Johor's economic history can be traced back to the early 16th century when it was part of the Malacca Sultanate. Following the fall of Malacca to the Portuguese in 1511, the Sultanate of Johor was established by Sultan Alauddin Riayat Shah II in 1528. During this period, Johor became a significant trading hub due to its strategic location along the Straits of Malacca, facilitating trade between the East and the West.

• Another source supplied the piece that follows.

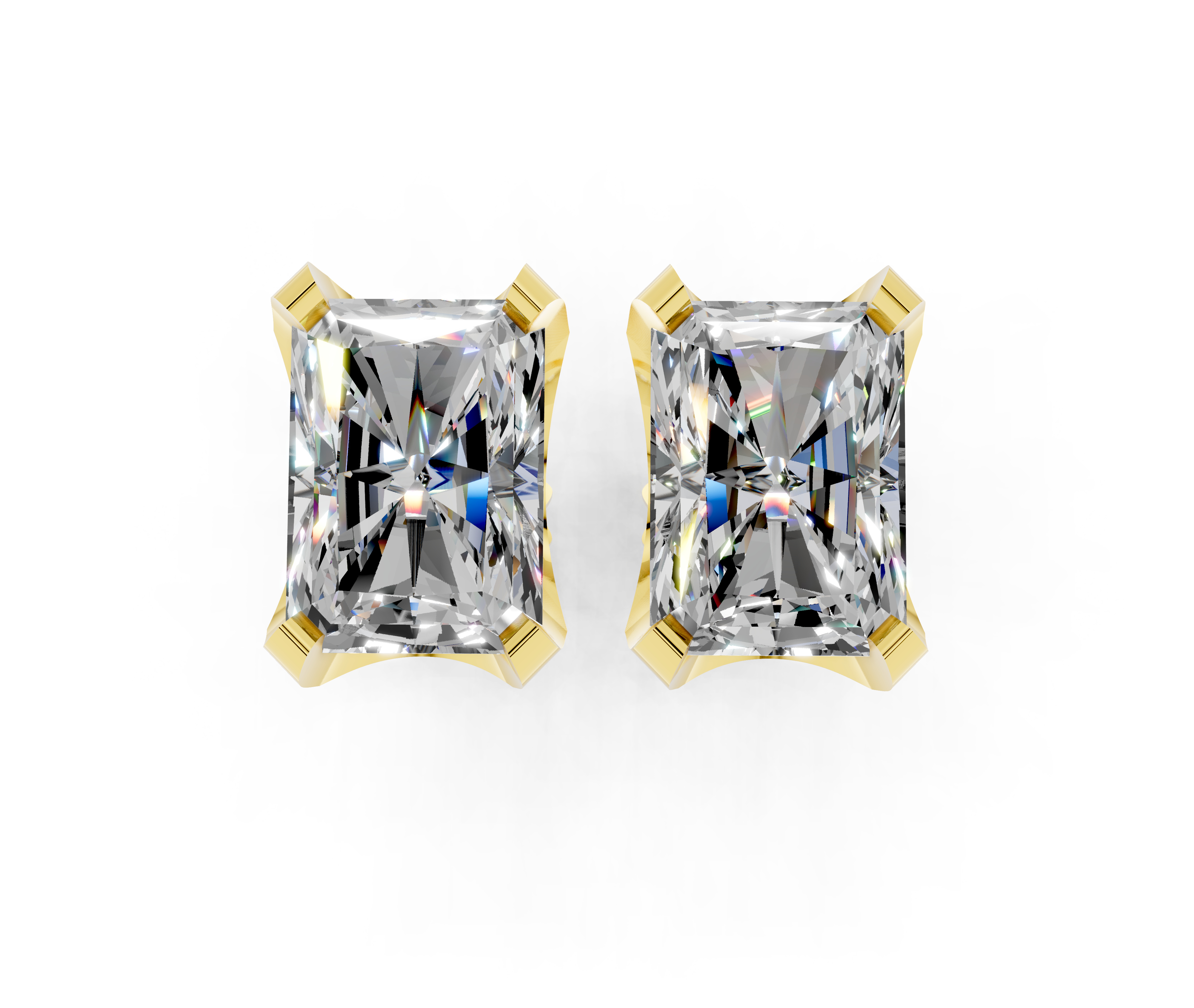 Yellow gold Radiant Brilliant Diamond Stud Earrings
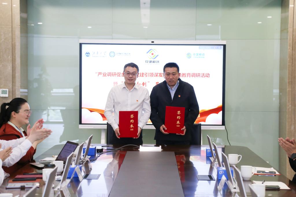 办公室党支部书记安君、中国移动无锡公司滨湖营销中心党支部书记刘炜分别作为院企双方代表,在支部党员的见证下,签订“党建和创”主题实践共建协议。

In 1914, Johor became a de facto British protectorate. Thereafter, large-scale agricultural activities were gradually introduced, particularly the cultivation of pepper and gambier, which were highly sought after commodities. Refugee labour from China played a crucial role in developing these plantations. The extension of the railway from the tin and rubber belt of the Malay Peninsula to Singapore in 1919 further integrated Johor into the regional economy. This greatly facilitated the export of agricultural products, particularly rubber, which became a major economic driver in the early 20th century.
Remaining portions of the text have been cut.